Artificial ventilation

The air is much more necessary to man than water or food, because without him he can live only a few minutes. In cases where a person stops breathing, the only way to help is to perform artificial ventilation.

Indications for use of artificial ventilation

Such manipulation is necessary in cases of a person's inability to breathe on his own, that is, independently perform gas exchange between the alveoli of the lungs and the environment: to receive oxygen, and to give carbon dioxide.

Artificial ventilation may be needed in the following situations:

If natural breathing is disturbed due to external influence, trauma or acute attack of the disease (with stroke ), complete artificial ventilation of the lungs is required, and auxiliary ventilation is required for pneumonia, chronic respiratory failure, during the transition to an independent one.

Basic Methods of Artificial Ventilation

Here's how to deliver oxygen to the lungs:

  1. Simple - the way "mouth to mouth" or "mouth to nose".
  2. Hardware methods: manual respirator (a normal or self-inflating respiratory bag with an oxygen mask), a respirator with an automatic mode of operation.
  3. Intubation - dissection of the trachea and insertion of the tube into the opening.
  4. Electrostimulation of the diaphragm - breathing occurs as a result of periodic stimulation of the diaphragm nerves or the diaphragm itself with the help of external or needle electrodes, which provoke its rhythmic contraction.

How to perform artificial ventilation?

If necessary, it is possible to conduct only a simple method and a hardware one with the help of a manual respirator. All the rest are available only in hospitals or ambulances.
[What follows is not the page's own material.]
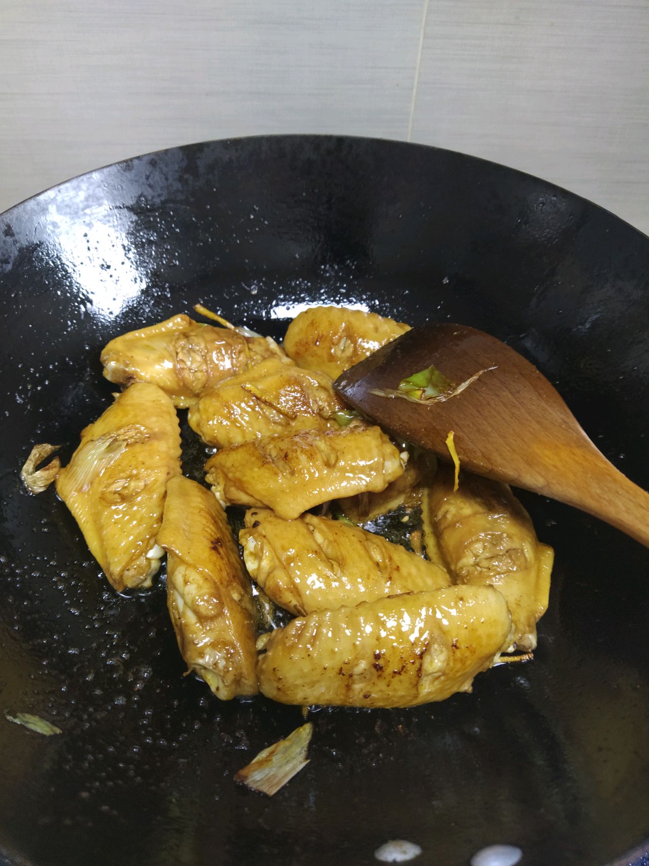 步骤5、炒到鸡翅变色,变成漂亮的金黄色。

With simple artificial ventilation, it is necessary to do this:

  1. Put the patient on a flat surface, with his head set so that it is maximally thrown back. This will help prevent the tongue from falling and open the entrance to the larynx.
  2. Stand on the side. With one hand, it is necessary to clamp the wings of the nose, while simultaneously turning the head back slightly, and the second - to open the mouth, lowering the chin down.
  3. Take a deep breath, it is good to stick your lips to the mouth of the victim and exhale sharply. Your head should be immediately pushed aside, since exhalation should follow.
  4. The frequency of air injection should be 20-25 times per minute.

It is necessary to monitor the patient's condition. Particular attention must be paid to the color of the skin. If it turns blue, it means that oxygen is not enough. The second object of observation should be the thorax, namely, its movements. With proper artificial ventilation it must rise and go down. If the epigastric region falls, it means that the air does not go to the lungs, but gets into the stomach. In this case, you need to correct the position of the head.

The second readily available method of ventilation is the use of a rotonos mask with an air bag (for example: Ambu or RDA-1). In this case, it is important to press the mask very tightly to the face and apply oxygen at regular intervals.

If you do not perform artificial lung ventilation in a timely manner, it will cause negative consequences, up to a lethal outcome.